All processes are going the be killed (including init), and i must reset the
server.

Any ideas what could cause this ?

System:
Intel SRPM8 Server with 8 Intel PIII Xeon 700Mhz CPUs
32 GB Ram
2 Raid Partitions of 1 TB with ext3 fs
Redhat 7.2

Tested Kernels:
2.4.7-10 (Redhat 7.2)
2.4.16 (Redhat Rawhide RPM)
2.4.17-rc2 (kernel.org)
2.4.17 with rmap8 patch

/var/log/messages:
Dec 26 15:31:43 localhost kernel: Out of Memory: Killed process 964 (xfs).
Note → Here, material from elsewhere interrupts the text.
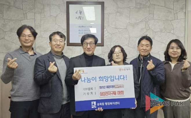 뉴스팍 배상미 기자 | 수원시 장안구 송죽동은 지난 15일 삼성전자 구매OB회와 함께하는 ‘청소년 용돈지원사업’ 후원금 전달식을 개최했다고 밝혔다.
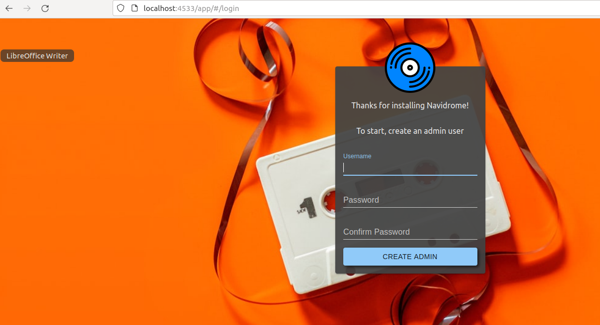 启动成功后,在浏览器中输入 localhost:4533,可以看到进入到了 Navidrome 的登录界面,需要设置一个用户名和密码。

/proc/meminfo after the first process kill:

total: used: free: shared: buffers: cached:
Mem: 33815060480 13490249728 20324810752 0 15745024 13089452032
Swap: 0 0 0
MemTotal: 33022520 kB
MemFree: 19848448 kB
MemShared: 0 kB
Buffers: 15376 kB
Cached: 12782668 kB
SwapCached: 0 kB
Active: 27904 kB
Inactive: 12777576 kB
HighTotal: 32636928 kB
HighFree: 19846272 kB
LowTotal: 385592 kB
LowFree: 2176 kB
SwapTotal: 0 kB
SwapFree: 0 kB

top:
3:32pm up 1:26, 3 users, load average: 9.79, 9.03, 7.20
49 processes: 39 sleeping, 10 running, 0 zombie, 0 stopped
CPU0 states: 0.0% user, 100.0% system, 0.0% nice, 0.0% idle
CPU1 states: 0.0% user, 83.4% system, 0.0% nice, 16.1% idle
CPU2 states: 0.1% user, 99.1% system, 0.0% nice, 0.3% idle
CPU3 states: 0.0% user, 100.0% system, 0.0% nice, 0.0% idle
CPU4 states: 0.0% user, 100.0% system, 0.0% nice, 0.0% idle
CPU5 states: 0.0% user, 100.0% system, 0.0% nice, 0.0% idle
CPU6 states: 0.0% user, 100.0% system, 0.0% nice, 0.0% idle
CPU7 states: 0.0% user, 100.0% system, 0.0% nice, 0.0% idle
Mem: 33022520K av, 13177240K used, 19845280K free, 0K shrd, 15396K
buffSwap: 0K av, 0K used, 0K free
12789744K cached
PID USER PRI NI SIZE RSS SHARE STAT %CPU %MEM TIME COMMAND
1353 root 15 0 548 548 472 R 99.9 0.0 71:42 dd
1354 root 15 0 548 548 472 R 99.9 0.0 72:09 dd
1355 root 15 0 548 548 472 R 99.9 0.0 71:03 dd
1426 root 12 0 548 548 472 R 99.9 0.0 57:01 dd
1427 root 15 0 548 548 472 R 99.9 0.0 56:39 dd
1479 root 16 0 700 696 584 R 93.7 0.0 0:20 ps
196 root 14 0 0 0 0 RW 92.3 0.0 12:29 kjournald
11 root 14 0 0 0 0 RW 73.3 0.0 9:14 kswapd
1408 root 15 0 1068 1068 860 R 13.4 0.0 8:47 top
24 root 9 0 0 0 0 SW 4.5 0.0 0:32 kjournald



2001-12-27 11:52:45

by DervishD

[permalink] [raw]
Subject: Re: Out of Memory at 20GB of free memory ??

Hi all :)

>/proc/meminfo after the first process kill:
> total: used: free: shared: buffers: cached:
>Mem: 33815060480 13490249728 20324810752 0 15745024 13089452032

This leads to a suggestion... How about aligning the top
indication with the numbers below (or even better, putting them in
different lines ;)))

Even with more than 99MB of RAM (quite usual these days), the top
line is misaligned and a little bit confusing.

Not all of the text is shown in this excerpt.